> **YOUR INSTRUCTIONS**:
Omit the images and retype the records verbatim.

- - -

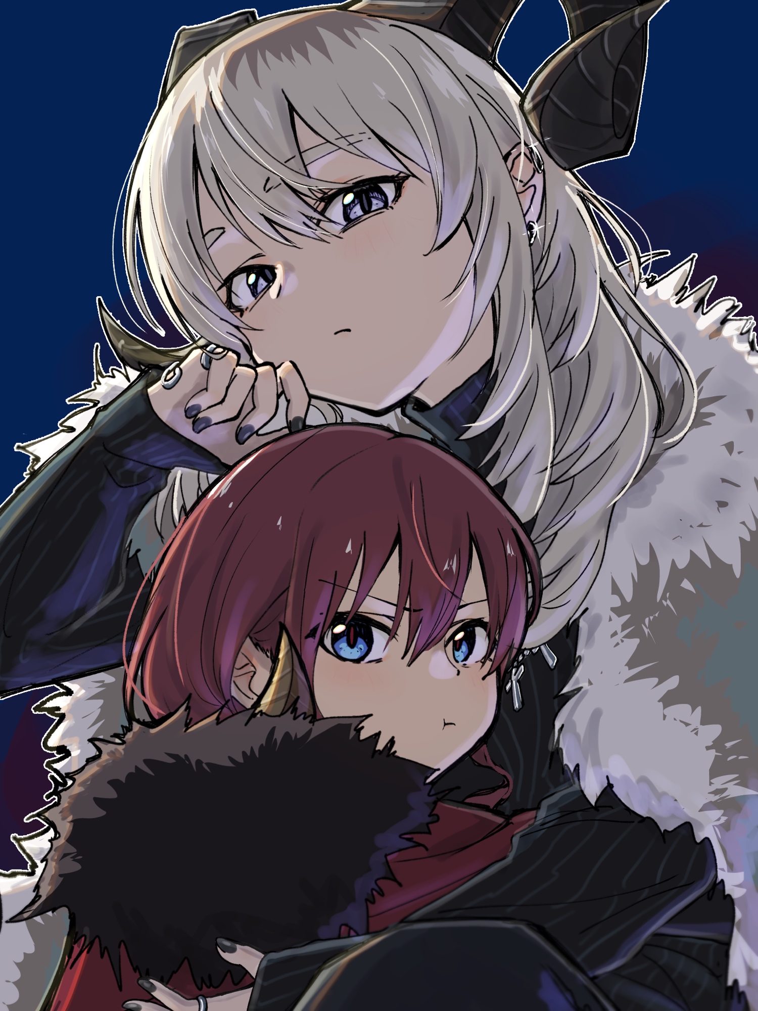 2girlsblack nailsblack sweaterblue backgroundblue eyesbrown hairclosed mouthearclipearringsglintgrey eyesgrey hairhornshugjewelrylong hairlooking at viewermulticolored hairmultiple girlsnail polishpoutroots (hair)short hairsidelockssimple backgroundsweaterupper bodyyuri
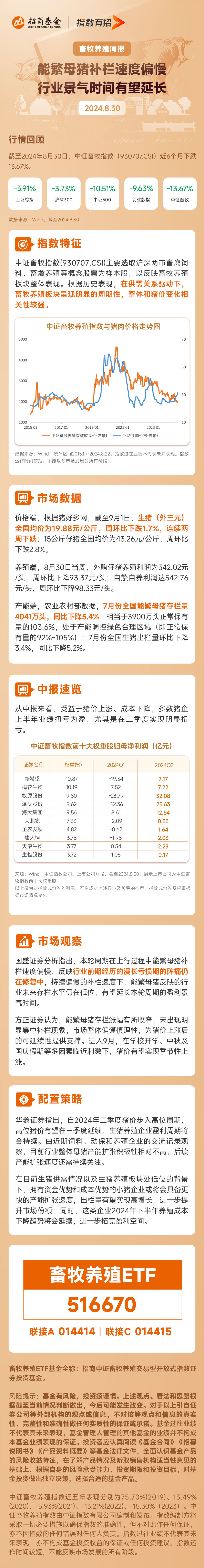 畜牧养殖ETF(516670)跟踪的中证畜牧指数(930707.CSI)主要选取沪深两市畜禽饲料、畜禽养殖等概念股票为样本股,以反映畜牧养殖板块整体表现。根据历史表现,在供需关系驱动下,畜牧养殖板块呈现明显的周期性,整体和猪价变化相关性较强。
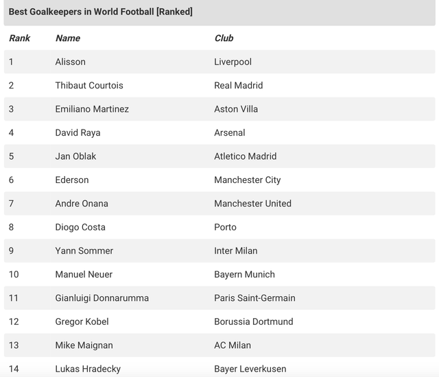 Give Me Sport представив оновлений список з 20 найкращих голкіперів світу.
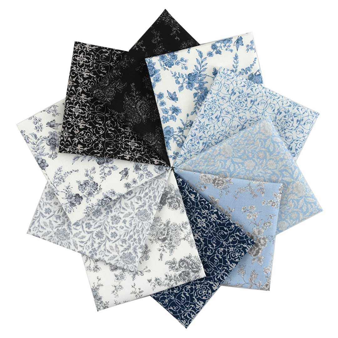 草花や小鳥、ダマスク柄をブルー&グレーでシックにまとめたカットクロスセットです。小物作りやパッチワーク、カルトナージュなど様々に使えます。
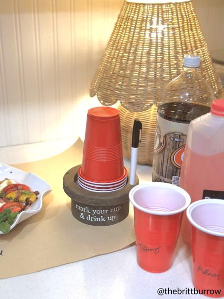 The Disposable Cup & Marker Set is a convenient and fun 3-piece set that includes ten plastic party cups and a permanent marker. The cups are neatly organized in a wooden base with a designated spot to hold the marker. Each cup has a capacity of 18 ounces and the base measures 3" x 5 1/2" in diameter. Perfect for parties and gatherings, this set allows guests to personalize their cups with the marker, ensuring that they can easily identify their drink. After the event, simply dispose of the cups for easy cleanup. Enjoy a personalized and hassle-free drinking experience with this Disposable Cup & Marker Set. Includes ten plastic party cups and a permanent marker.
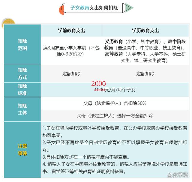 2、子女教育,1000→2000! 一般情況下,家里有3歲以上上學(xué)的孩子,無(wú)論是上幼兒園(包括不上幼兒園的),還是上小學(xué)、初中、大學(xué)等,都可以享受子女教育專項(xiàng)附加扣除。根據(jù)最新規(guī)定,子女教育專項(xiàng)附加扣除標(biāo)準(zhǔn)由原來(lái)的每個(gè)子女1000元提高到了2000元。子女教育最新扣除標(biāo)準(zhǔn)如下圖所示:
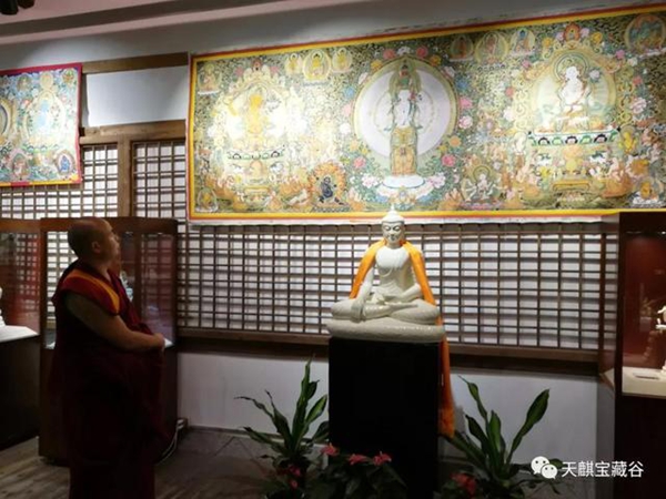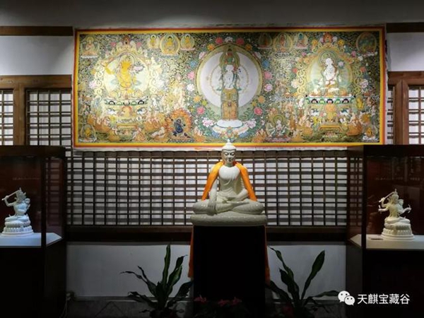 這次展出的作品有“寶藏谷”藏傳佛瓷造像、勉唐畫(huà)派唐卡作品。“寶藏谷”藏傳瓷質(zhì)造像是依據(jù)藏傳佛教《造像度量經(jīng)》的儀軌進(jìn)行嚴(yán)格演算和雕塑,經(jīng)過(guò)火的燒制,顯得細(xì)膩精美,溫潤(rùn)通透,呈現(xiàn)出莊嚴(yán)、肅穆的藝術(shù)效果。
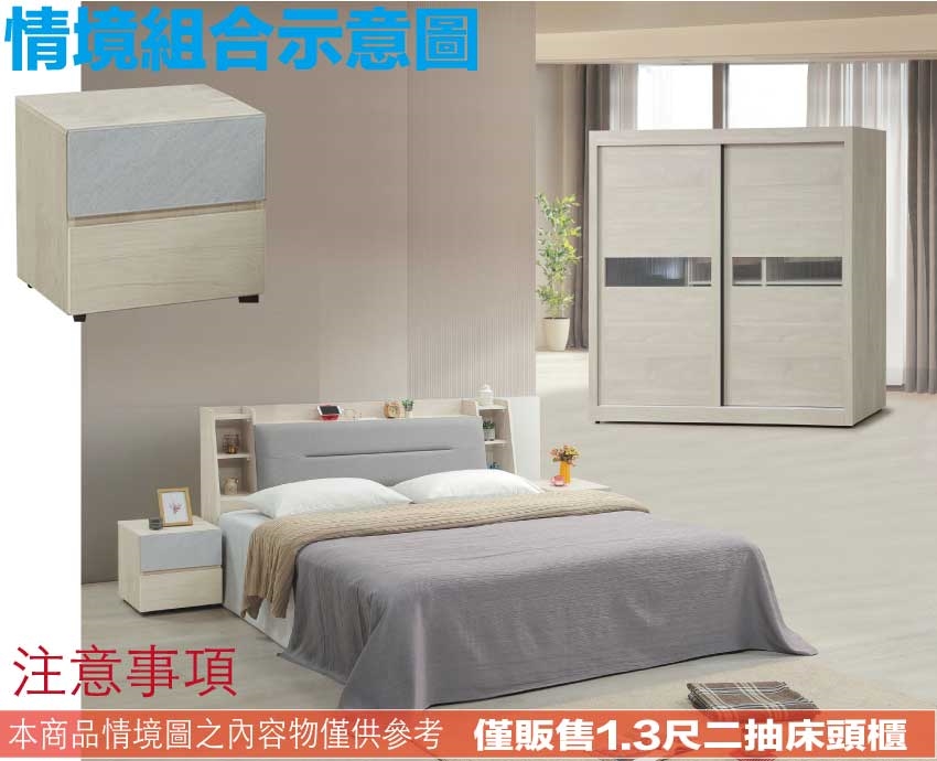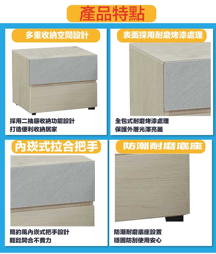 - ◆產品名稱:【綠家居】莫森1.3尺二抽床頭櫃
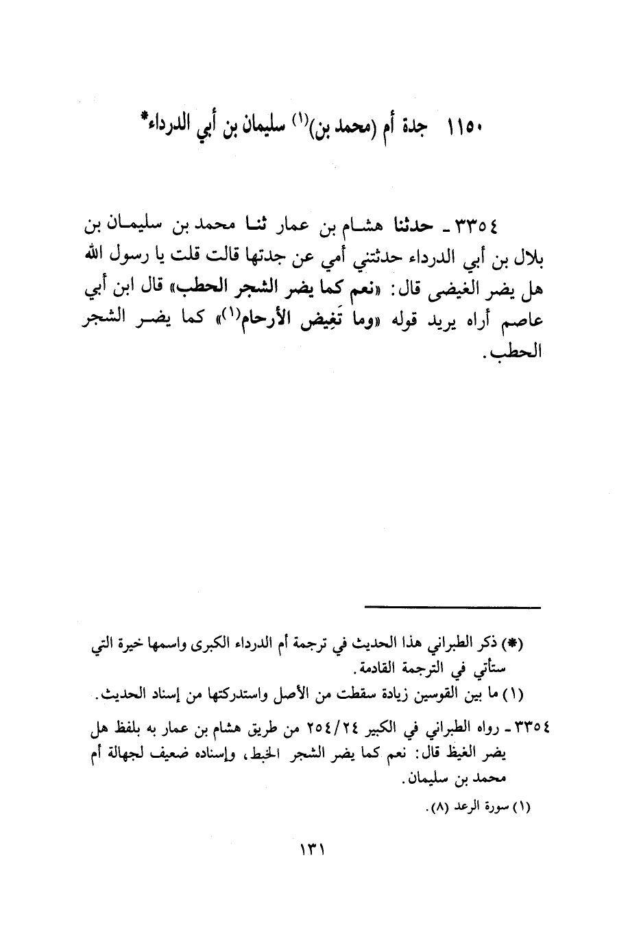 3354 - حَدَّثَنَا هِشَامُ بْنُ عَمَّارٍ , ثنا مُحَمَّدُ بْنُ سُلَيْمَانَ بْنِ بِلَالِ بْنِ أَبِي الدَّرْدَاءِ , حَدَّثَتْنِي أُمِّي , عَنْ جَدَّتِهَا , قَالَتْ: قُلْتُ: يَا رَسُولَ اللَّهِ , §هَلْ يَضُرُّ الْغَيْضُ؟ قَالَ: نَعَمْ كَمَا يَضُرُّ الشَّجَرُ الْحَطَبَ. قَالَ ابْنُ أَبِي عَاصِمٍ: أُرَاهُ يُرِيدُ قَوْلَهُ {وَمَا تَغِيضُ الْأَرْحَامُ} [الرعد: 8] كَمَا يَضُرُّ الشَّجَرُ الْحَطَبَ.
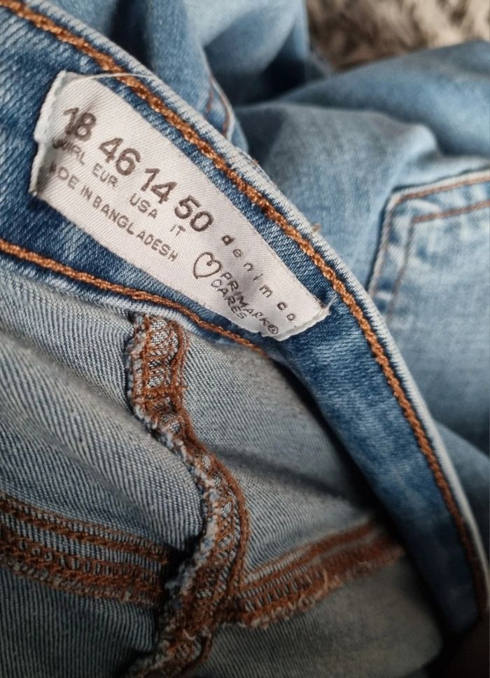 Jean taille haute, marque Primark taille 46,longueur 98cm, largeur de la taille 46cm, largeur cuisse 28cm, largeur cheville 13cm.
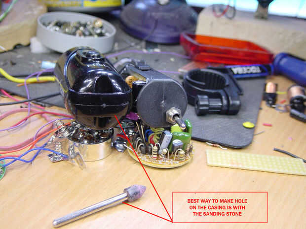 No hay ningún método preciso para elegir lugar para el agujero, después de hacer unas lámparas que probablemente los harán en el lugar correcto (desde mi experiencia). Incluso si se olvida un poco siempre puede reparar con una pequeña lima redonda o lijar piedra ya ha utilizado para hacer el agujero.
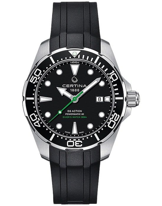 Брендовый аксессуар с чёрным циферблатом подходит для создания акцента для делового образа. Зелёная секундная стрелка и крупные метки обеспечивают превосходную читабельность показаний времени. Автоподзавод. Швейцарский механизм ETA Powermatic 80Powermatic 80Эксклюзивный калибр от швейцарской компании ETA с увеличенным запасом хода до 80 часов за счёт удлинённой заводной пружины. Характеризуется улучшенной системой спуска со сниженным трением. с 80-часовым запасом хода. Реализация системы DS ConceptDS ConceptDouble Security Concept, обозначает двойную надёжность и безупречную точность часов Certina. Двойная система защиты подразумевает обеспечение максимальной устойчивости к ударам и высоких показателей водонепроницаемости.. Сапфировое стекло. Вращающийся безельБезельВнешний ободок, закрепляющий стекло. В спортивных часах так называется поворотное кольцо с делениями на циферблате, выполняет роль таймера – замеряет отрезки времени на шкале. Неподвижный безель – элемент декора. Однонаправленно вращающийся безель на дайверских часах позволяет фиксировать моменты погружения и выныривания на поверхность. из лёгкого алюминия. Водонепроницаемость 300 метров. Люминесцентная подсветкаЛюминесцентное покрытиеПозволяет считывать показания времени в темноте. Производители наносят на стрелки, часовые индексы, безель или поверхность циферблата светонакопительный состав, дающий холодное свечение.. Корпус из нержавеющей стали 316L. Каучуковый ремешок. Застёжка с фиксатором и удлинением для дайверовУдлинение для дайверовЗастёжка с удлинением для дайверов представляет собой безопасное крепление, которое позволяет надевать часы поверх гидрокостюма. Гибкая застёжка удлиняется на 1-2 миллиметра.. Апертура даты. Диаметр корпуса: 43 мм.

- - -

> **RESULT OF THIS EXERCISE**:
 2girlsblack nailsblack sweaterblue backgroundblue eyesbrown hairclosed mouthearclipearringsglintgrey eyesgrey hairhornshugjewelrylong hairlooking at viewermulticolored hairmultiple girlsnail polishpoutroots (hair)short hairsidelockssimple backgroundsweaterupper bodyyuri
 畜牧养殖ETF(516670)跟踪的中证畜牧指数(930707.CSI)主要选取沪深两市畜禽饲料、畜禽养殖等概念股票为样本股,以反映畜牧养殖板块整体表现。根据历史表现,在供需关系驱动下,畜牧养殖板块呈现明显的周期性,整体和猪价变化相关性较强。
 Give Me Sport представив оновлений список з 20 найкращих голкіперів світу.
 草花や小鳥、ダマスク柄をブルー&グレーでシックにまとめたカットクロスセットです。小物作りやパッチワーク、カルトナージュなど様々に使えます。
 The Disposable Cup & Marker Set is a convenient and fun 3-piece set that includes ten plastic party cups and a permanent marker. The cups are neatly organized in a wooden base with a designated spot to hold the marker. Each cup has a capacity of 18 ounces and the base measures 3" x 5 1/2" in diameter. Perfect for parties and gatherings, this set allows guests to personalize their cups with the marker, ensuring that they can easily identify their drink. After the event, simply dispose of the cups for easy cleanup. Enjoy a personalized and hassle-free drinking experience with this Disposable Cup & Marker Set. Includes ten plastic party cups and a permanent marker.
 2、子女教育,1000→2000! 一般情況下,家里有3歲以上上學(xué)的孩子,無(wú)論是上幼兒園(包括不上幼兒園的),還是上小學(xué)、初中、大學(xué)等,都可以享受子女教育專項(xiàng)附加扣除。根據(jù)最新規(guī)定,子女教育專項(xiàng)附加扣除標(biāo)準(zhǔn)由原來(lái)的每個(gè)子女1000元提高到了2000元。子女教育最新扣除標(biāo)準(zhǔn)如下圖所示:
 這次展出的作品有“寶藏谷”藏傳佛瓷造像、勉唐畫(huà)派唐卡作品。“寶藏谷”藏傳瓷質(zhì)造像是依據(jù)藏傳佛教《造像度量經(jīng)》的儀軌進(jìn)行嚴(yán)格演算和雕塑,經(jīng)過(guò)火的燒制,顯得細(xì)膩精美,溫潤(rùn)通透,呈現(xiàn)出莊嚴(yán)、肅穆的藝術(shù)效果。
 - ◆產品名稱:【綠家居】莫森1.3尺二抽床頭櫃
 3354 - حَدَّثَنَا هِشَامُ بْنُ عَمَّارٍ , ثنا مُحَمَّدُ بْنُ سُلَيْمَانَ بْنِ بِلَالِ بْنِ أَبِي الدَّرْدَاءِ , حَدَّثَتْنِي أُمِّي , عَنْ جَدَّتِهَا , قَالَتْ: قُلْتُ: يَا رَسُولَ اللَّهِ , §هَلْ يَضُرُّ الْغَيْضُ؟ قَالَ: نَعَمْ كَمَا يَضُرُّ الشَّجَرُ الْحَطَبَ. قَالَ ابْنُ أَبِي عَاصِمٍ: أُرَاهُ يُرِيدُ قَوْلَهُ {وَمَا تَغِيضُ الْأَرْحَامُ} [الرعد: 8] كَمَا يَضُرُّ الشَّجَرُ الْحَطَبَ.
 Jean taille haute, marque Primark taille 46,longueur 98cm, largeur de la taille 46cm, largeur cuisse 28cm, largeur cheville 13cm.
 No hay ningún método preciso para elegir lugar para el agujero, después de hacer unas lámparas que probablemente los harán en el lugar correcto (desde mi experiencia). Incluso si se olvida un poco siempre puede reparar con una pequeña lima redonda o lijar piedra ya ha utilizado para hacer el agujero.
 Брендовый аксессуар с чёрным циферблатом подходит для создания акцента для делового образа. Зелёная секундная стрелка и крупные метки обеспечивают превосходную читабельность показаний времени. Автоподзавод. Швейцарский механизм ETA Powermatic 80Powermatic 80Эксклюзивный калибр от швейцарской компании ETA с увеличенным запасом хода до 80 часов за счёт удлинённой заводной пружины. Характеризуется улучшенной системой спуска со сниженным трением. с 80-часовым запасом хода. Реализация системы DS ConceptDS ConceptDouble Security Concept, обозначает двойную надёжность и безупречную точность часов Certina. Двойная система защиты подразумевает обеспечение максимальной устойчивости к ударам и высоких показателей водонепроницаемости.. Сапфировое стекло. Вращающийся безельБезельВнешний ободок, закрепляющий стекло. В спортивных часах так называется поворотное кольцо с делениями на циферблате, выполняет роль таймера – замеряет отрезки времени на шкале. Неподвижный безель – элемент декора. Однонаправленно вращающийся безель на дайверских часах позволяет фиксировать моменты погружения и выныривания на поверхность. из лёгкого алюминия. Водонепроницаемость 300 метров. Люминесцентная подсветкаЛюминесцентное покрытиеПозволяет считывать показания времени в темноте. Производители наносят на стрелки, часовые индексы, безель или поверхность циферблата светонакопительный состав, дающий холодное свечение.. Корпус из нержавеющей стали 316L. Каучуковый ремешок. Застёжка с фиксатором и удлинением для дайверовУдлинение для дайверовЗастёжка с удлинением для дайверов представляет собой безопасное крепление, которое позволяет надевать часы поверх гидрокостюма. Гибкая застёжка удлиняется на 1-2 миллиметра.. Апертура даты. Диаметр корпуса: 43 мм.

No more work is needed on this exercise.